The image pyramid employs a concept similar to the divide-and-conquer approach. High-resolution images are first downsampled to lower resolutions, and the result from the low-resolution alignment is used as an initial estimate for the higher-resolution image. The image pyramid shows in the figure:
By this method, many images are converted well:
However, there are still some images performing poorly:
I initially tried to improve the results by changing the evaluation function to the Pearson correlation coefficient, but the image quality did not improve, and the computation time increased.
As a result, I decided to address the issue by optimizing the algorithm.
A more effective way to align the images is to pre-process them into edge images. This can be done using a Canny filter.
The process involves the following steps: The process begins with applying a Gaussian blur—adjusted by the sigma parameter—to reduce noise in the image This step ensures that small color or intensity changes don’t affect the next stages. Once noise is minimized, Sobel edge detection is used along the x and y axes to compute the intensity gradients where edges are likely to be. The Sobel operator estimates the derivative of the gradient between dark and light regions, marking the peak as an edge pixel.
Afterward, non-maximum suppression is employed, which eliminates pixels that are distant from true edges, resulting in thinner and more defined edge lines. To refine the detection further, a double threshold is applied. Pixels with gradients surpassing the higher threshold are marked as strong edge candidates, while those below the lower threshold are discarded. Pixels falling between the thresholds are considered weaker edge candidates.
Finally, hysteresis is applied to solidify edge detection. Weak candidate pixels linked to strong edges are kept, while those not connected are ignored.

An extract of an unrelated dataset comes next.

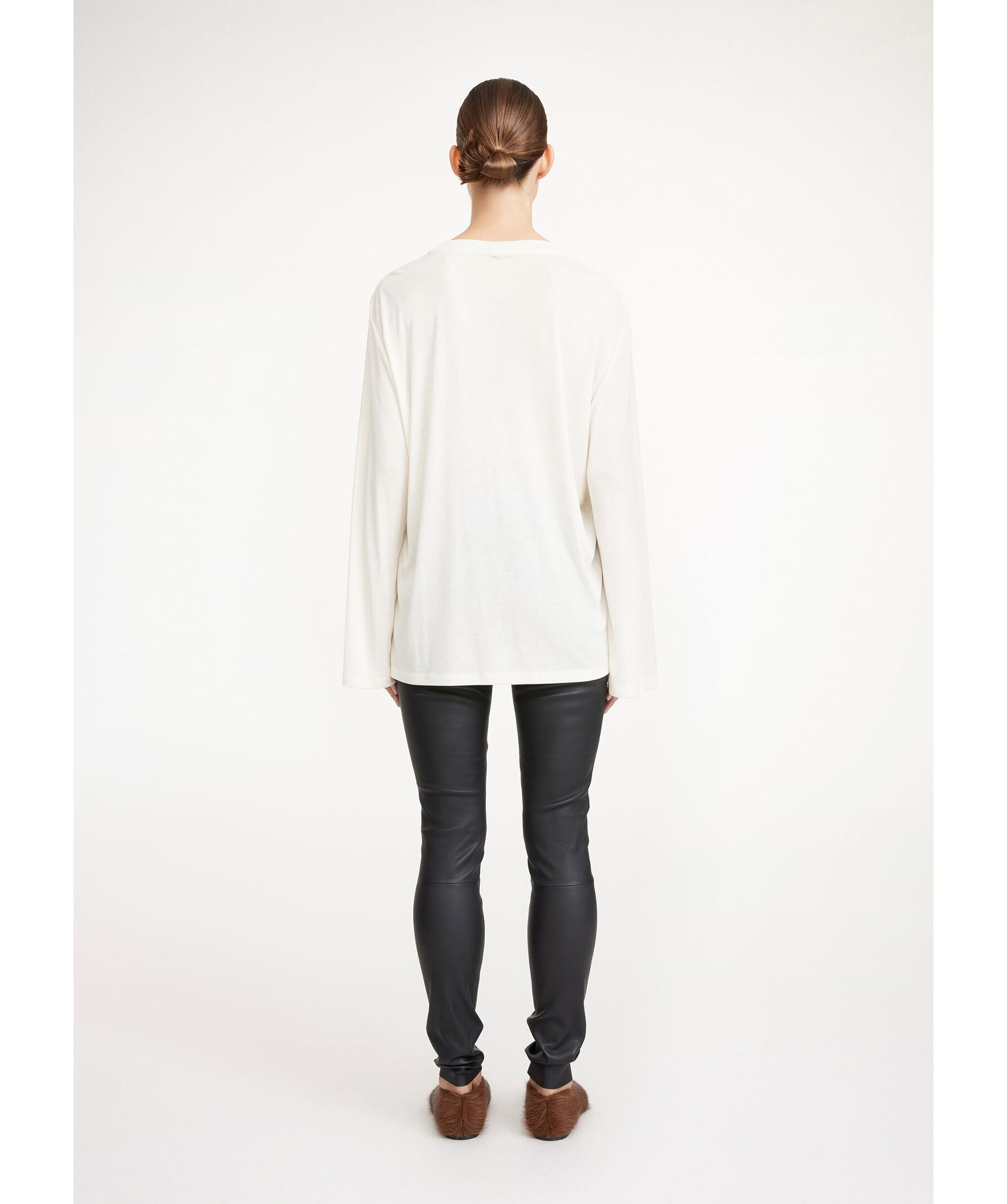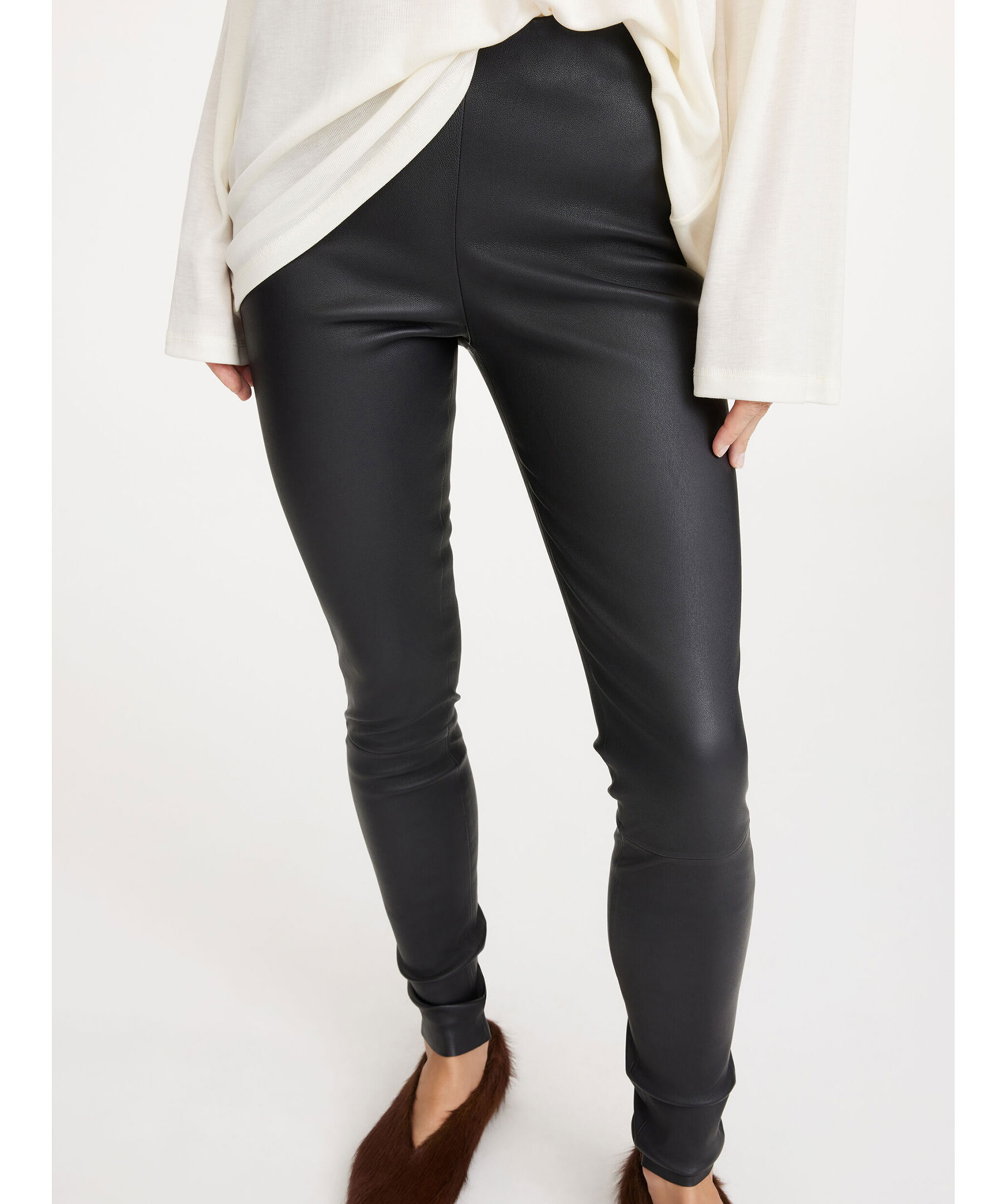 Svarta leggings i läder från By Malene Birgers. Byxorna är mjuka och är designade för en figurnära passform och tillverkade av stretchig Nappa för extra komfort. Den elastiska midjan gör dem enkla att dra på och bära hela dagen.

This ensures the edge map is both precise and continuous, filtering out unwanted detections caused by noise or minimal color shifts.
The original emir.tif compared to the edge-detected version of emir.tif is shown below:
In this way, we significantly improve the performance of previously problematic images.
The other images also perform well, except for lady.tif, which performs better without edge detection.
Pyramid: https://en.wikipedia.org/wiki/Pyramid_(image_processing)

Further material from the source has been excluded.